The Stars are Dying: Chapter 48
“It pains me deeply to say this,” Nyte mumbled against my bare shoulder, “but you have to get dressed.”
I stood watching the sunrise wrapped in nothing but a black bedsheet. Turning, I found him impeccably clothed. His black jacket was embroidered with gold, and his pants were crisp and tucked into expensive knee-high boots.
My eyes fell to the bed, where he’d laid out a beautiful purple gown. I was in too great a mood to wonder who it belonged to.
We’d only slept for a couple of hours, but it was all I’d needed. Nyte had taken me again and again, fulfilling his other desire as the city turned to starlight and he took me overlooking the empire. Moments from last night kept replaying in my mind, and I cursed the rise of the sun and how the orange glow split the horizon with reality.
I dressed, expecting the gown not to fit in places, but it hugged me perfectly. I stood and looked in the tall mirror, reaching for the corset ribbons, but Nyte crept up and brushed his fingers over mine as he took over. With the first tug I arched into him, tipping my head against his chest.
“Can you promise me something?” I asked.
His lips pressed to my temple, and we met eyes in the mirror. He continued to fasten my dress without looking.
“Anything.”
“No more secrets. You can’t scare me away now.
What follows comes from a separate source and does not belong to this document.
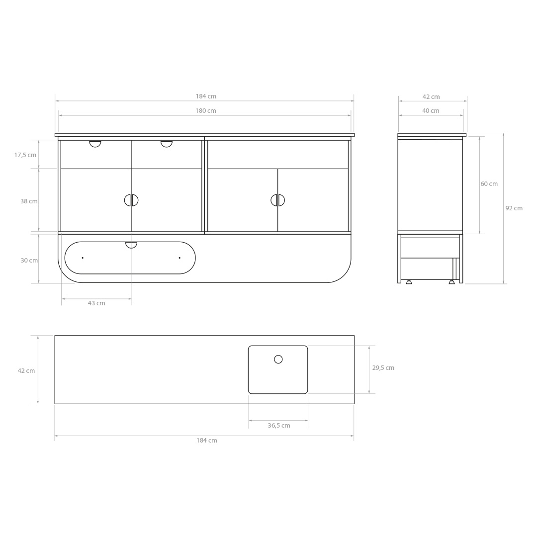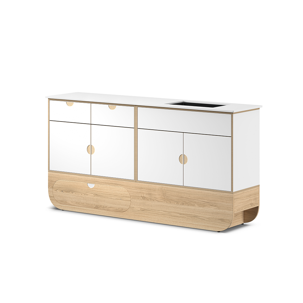 Suunniteltu tuomaan tilavat, toiminnalliset ja tehokkaat vesipisteet kylpyhuoneisiin, keittiöihin tai hoitotiloihin, ja tarjoamaan suuren työskentelypinnan. Moduuli koostuu tammiviimeistellystä pitkästä jalustasta, kahdesta kaapista laatikoilla, mustasta ruostumattomasta teräksestä valmistetusta altaasta sekä korkealaatuisesta teknisestä kvartsitasosta, joka on huokoseton ja helposti puhdistettava – ihanteellinen ratkaisu korkeita hygieniastandardeja vaativiin ympäristöihin. Tekninen melamiinipinta ja vesitiiviit reunat suojaavat kosteudelta ja takaavat erinomaisen kestävyyden myös intensiivisessä käytössä.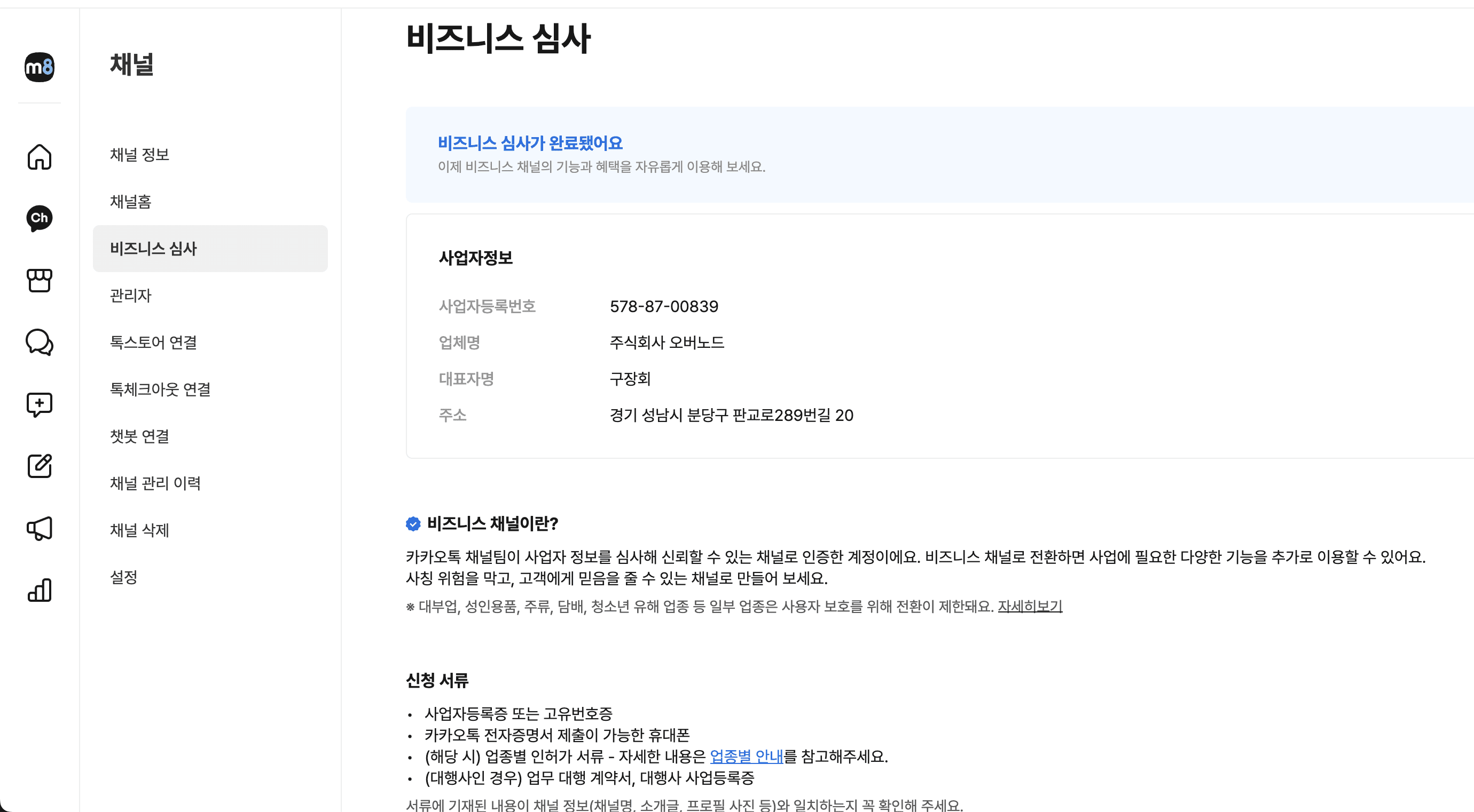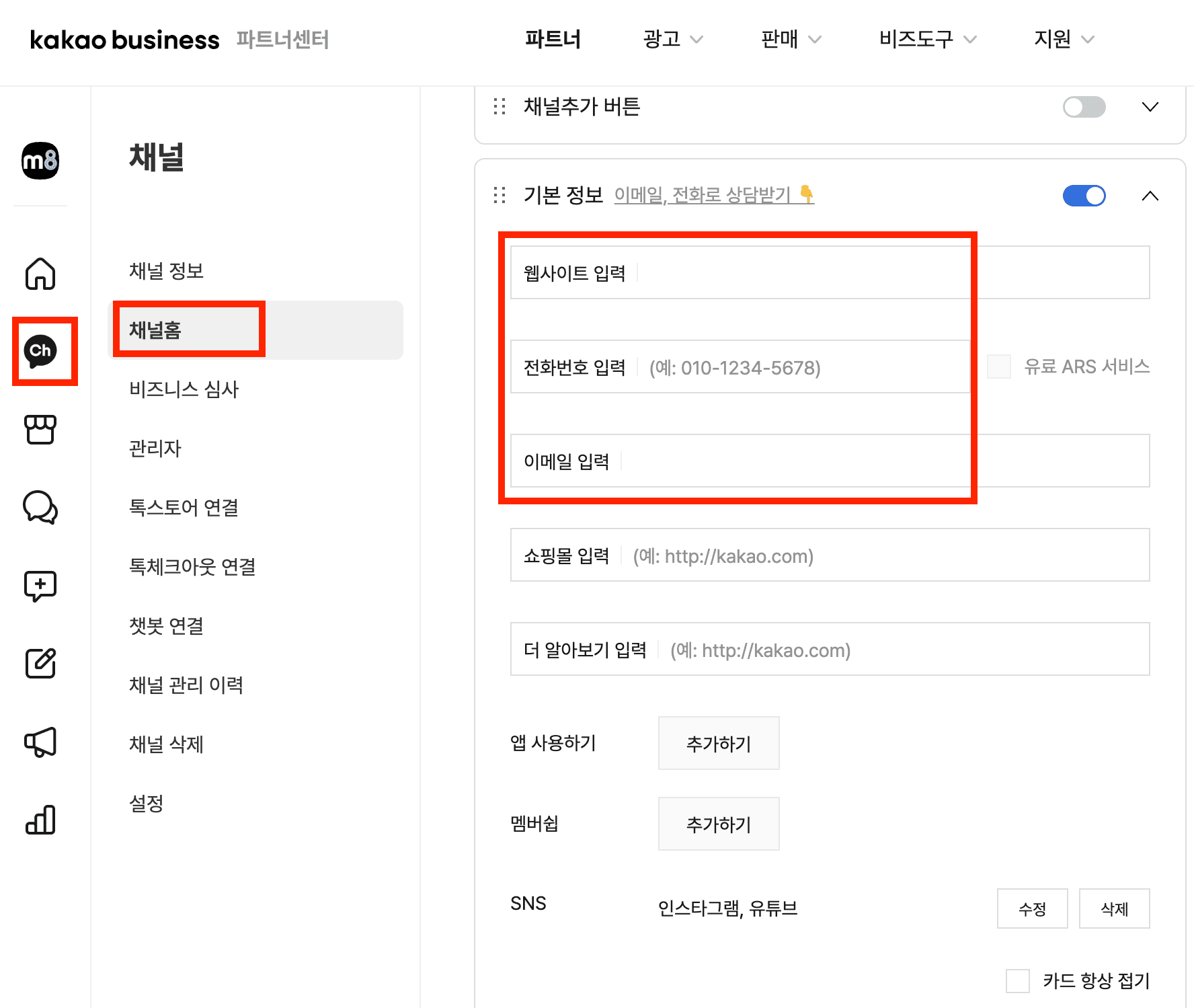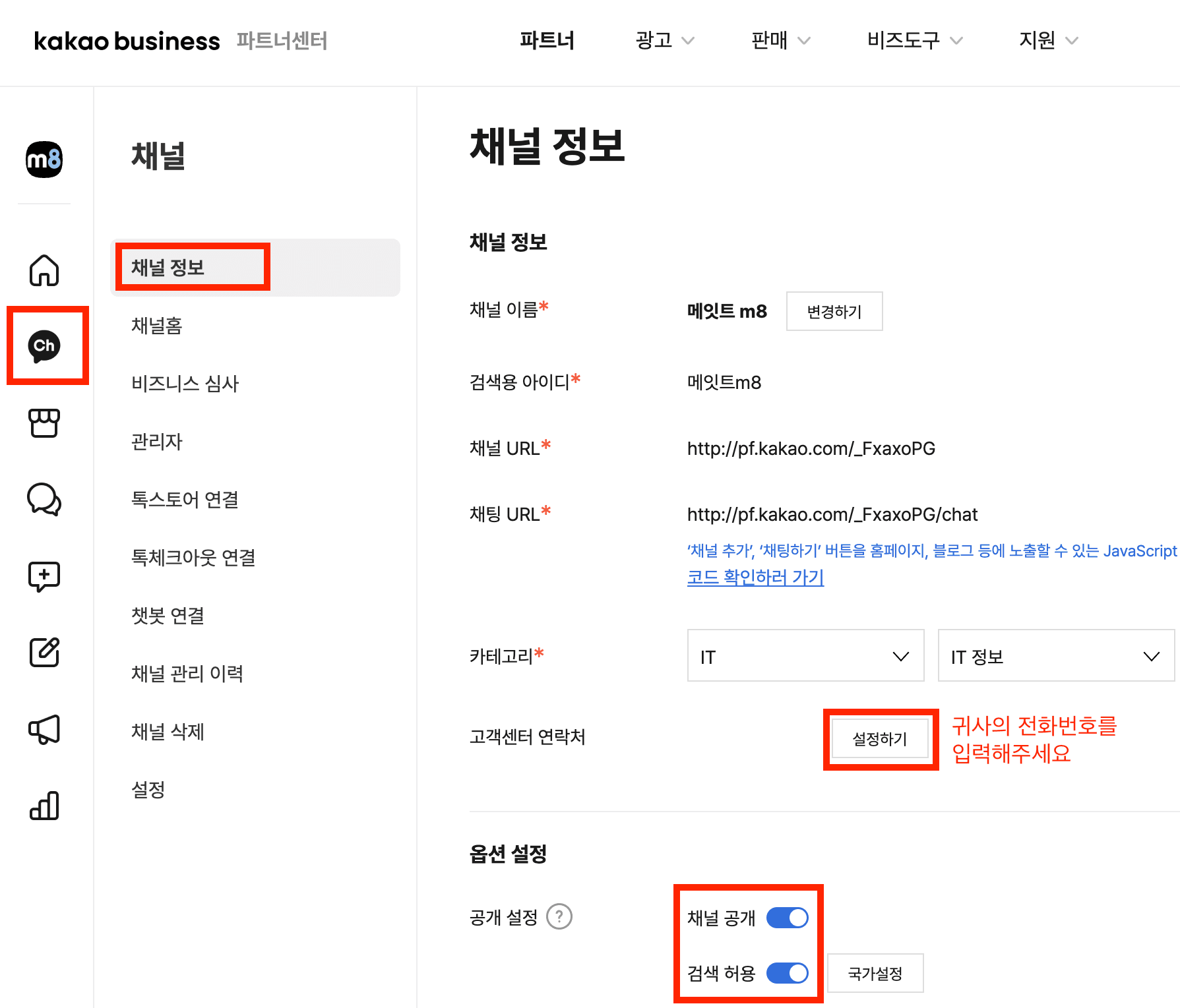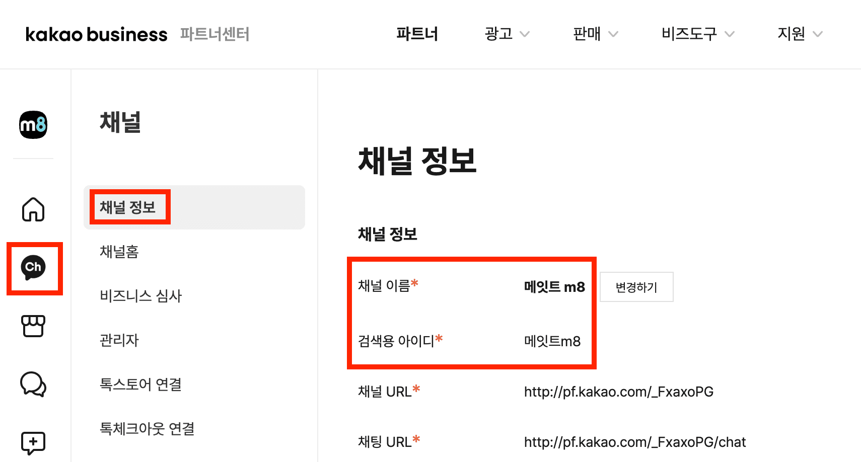 *위 화면은 예시 입니다. 귀사의 채널을 선택 해주세요.

And I’m afraid…you won’t see me the same after mine when I’m not even sure I see me the same.”
His lips thinned, contemplative. “I suppose you mean we have a lot to talk about.”
I nodded, and when he finished his tie, his large hands on my waist twisted me around.
“You are the same. Now and always,” he said. His palm cupped my nape, and he kissed my forehead. “I’m so sorry, Astraea. I didn’t mean for it to turn out this way.”
The change in his tone threatened to crack the globe we’d crafted around ourselves.
“Sorry for what?”
Nyte pulled back, and I watched his face as he seemed to travel elsewhere. His jaw twitched, anger flashed his irises a dark amber, and I tried to search for the cause.
Footsteps sounded, growing louder, and only then did Nyte turn toward the opening of the room. No doors. He used his body as a shield against whatever was coming, but he didn’t transport us away.
A single person, I thought, from the pattern of steps.
But I never could have imagined the person who walked into our safe space…
“Drystan,” I whispered incredulously.
Though he’d planned to use me, I couldn’t deny the lift of relief he wasn’t dead from being struck by the power of the key. It had retracted to a smaller version of itself, which I reached behind me to take from the dresser.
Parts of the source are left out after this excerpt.